As should be a surprise to no one, Oracle was rated by the IT asset managers who participated in the ITAM survey as the second least helpful software company. According to ITAM, “Oracle is at number two, falling from number one back in 2016. I think they will be quite disappointed to be at number two, because Oracle’s business model is founded on hostility.”
While running into hostility in the course of an Oracle audit is nothing new, an increasingly myopic focus on short term gain is a bit of a shift. Regarding the least helpful software publishers, ITAM said they are “focussed on short term revenue and don’t care about the customer relationship. They are motivated to squeeze a bit of revenue out of you at any cost so they can hit their number.”

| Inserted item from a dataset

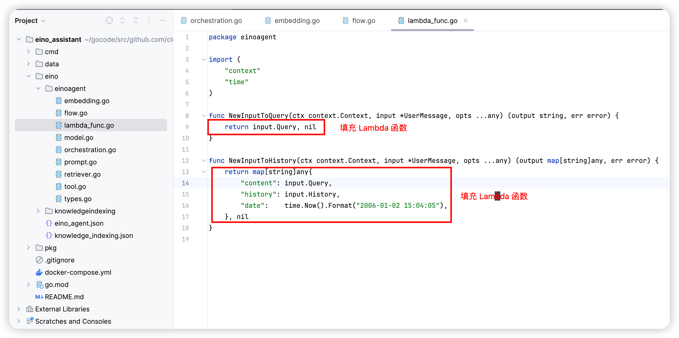 • lambda: 将开发者任意的函数 func(ctx context.Context, input I) (output O, err error),转换成可被编排的节点,在 EinoAgent 中,有两个转换场景

It should be noted that the above examples stress quick resolution of an audit, which itself represents a measurable change from the strategic long game that most Oracle licensees have grown accustomed to. And it has been our distinct impression that Oracle has been willing to expeditiously put together audit resolution packages that require less in the way of out-of-pocket payments than comparable situations in the past.
Once again, our findings match certain findings of ITAM. Respondents to ITAM’s survey reported that “a little bit of revenue” was enough for some vendors that are simply looking to “put something on the books.” One survey respondent was quoted as saying, “They are more desperate vendors, happy to accept any kind of commercial product proposal, as long as some form of revenue is achieved.”
Our takeaway and recommendations are relatively straightforward. While Oracle audits were never entirely routinized, the licensee could count on certain elements being largely predictable. However, over the last year, it has become clear that the rules are changing and, while much of the audit process remains familiar, fewer and fewer elements are entirely predictable.
This emerging mixture of the familiar and the unpredictable is all the more reason for the Oracle licensee to have an experienced guide through the audit process.